Friday, September 21, 2012

... and then God happens

So I wasn't able to keep up with a blog during CPE. It was a trying time full of processing and when I finally got home from a long day, the last thing I wanted to do was to talk more about my feelings and understanding of what was happening. I had a lot of wonderful and horrible experiences that changed me forever and will stay with me for as long as I live.

The semester stared three weeks ago and I was looking forward to the new year and my last fall semester. I started my field site, which is really just a continuation of my duties in the western suburbs of Chicago. After CPE I was ready to get back into academia and get out of my emotions. CPE brings every feeling you have to the surface and while that is not necessarily a bad things, I was ready for 'life as usual'.

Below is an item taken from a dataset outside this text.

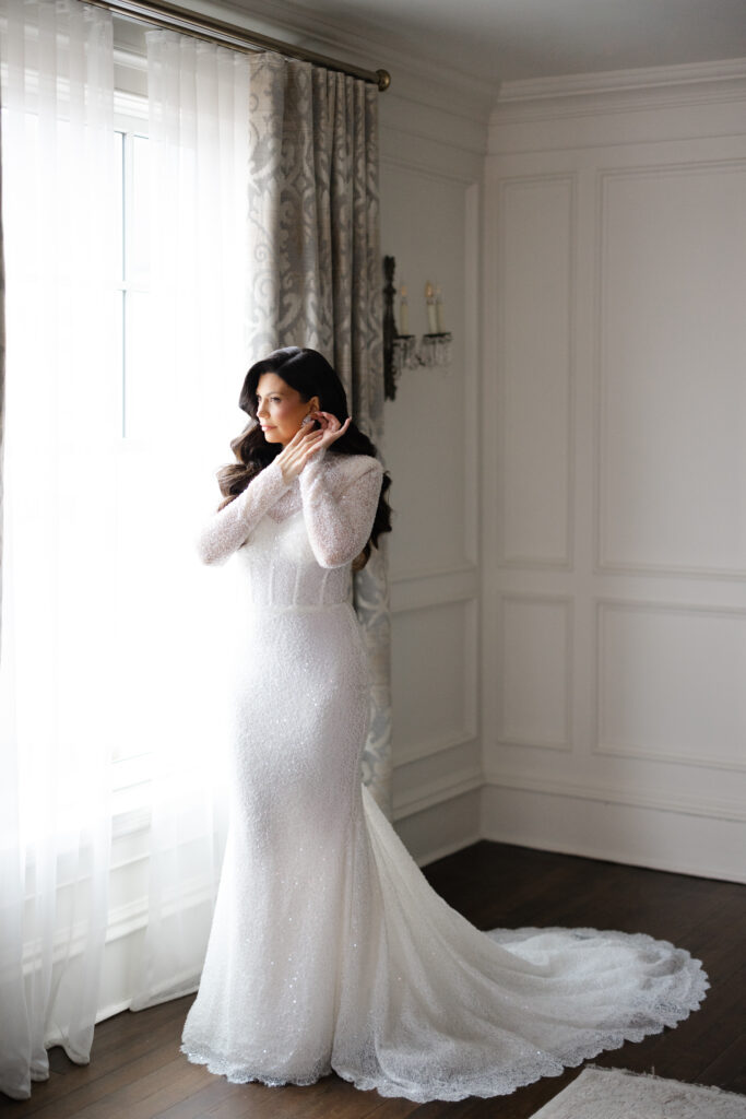 “We made sure to incorporate details reminiscent of our grandparents, like a vintage inspired cake and cake topper, family photos, my grandmother’s wedding band that is now mine, and my long sleeved and high neck dress.”

In my first meeting with my field site coordinator we were talking about what I wanted out of the experience and my goals for the year. As our discussion was wrapping up she said, "You haven't mentioned New Church Development at all." Yep, she was right, I hadn't said anything about it. I have felt a call to church planting before and I have been working hard to ignore it. I thought that this was something I would do in 15 years or so, so there was no reason to discuss it now. When she asked me that question I started to cry instantaneously. I don't cry and I especially don't cry with big tears, but that's what happened. 

In that moment I broke up with God. I want nothing to do with God. I was willing to come to seminary and answer Gods' call for me to be pastor, but to start churches... you have to be kidding me. There's no chance in hell that this is where God wants me to go. I'm to disorganized, spacey, opinionated, and green to start my own church.

Then today, I went to a meeting about the ordination process within the PC(USA). While I've made my way through a large part of the process, the last steps are the hardest and I wanted some ideas. As we were talking about our calls and how to write statements of call. I was not willing to say exactly what I feel I have been called to, but I asked about the roadblocks to ministry and seeking calls. I was essentially told that all of the aforementioned things I said about myself not being ready for New Church Development are only in my head. Yes, I can start a church fresh out of seminary. This is not at ALL what I wanted to hear. Again, I got chocked up. God doesn't know how break-ups work. God's supposed to leave me alone and let me figure this out, but instead I feel as though my life is bombarded with moments of Divine intervention.

For those of you who don't know, I'm going to Haiti in late December to work at an orphanage in partnership with my intern church. I sent out letters to my closest family, friends, and supporters asking for prayers and donations. I sent letters to individuals and not to my home congregation. I was planning on addressing the congregation separately. However, someone from my home church in Ohio, took my letter to the missions committee and offered to pay for 1/4 of my expenses, unanimously before I could even approach them independently. This, in conjunction with family donations I have raised 3/4 of my total cost in 10 days!!!!!!!!!

I was expecting to have to work hard to raise money. I thought I would have to have a bake sale or something to raise the money. Apparently all it takes is asking people, who would have known. God has made a point to show me that breaking up is not an option. This week alone I have experienced more grace and love and God moments than I have in months. I am simply overwhelmed by what God is doing in my life. This is not at all what I expected from my week.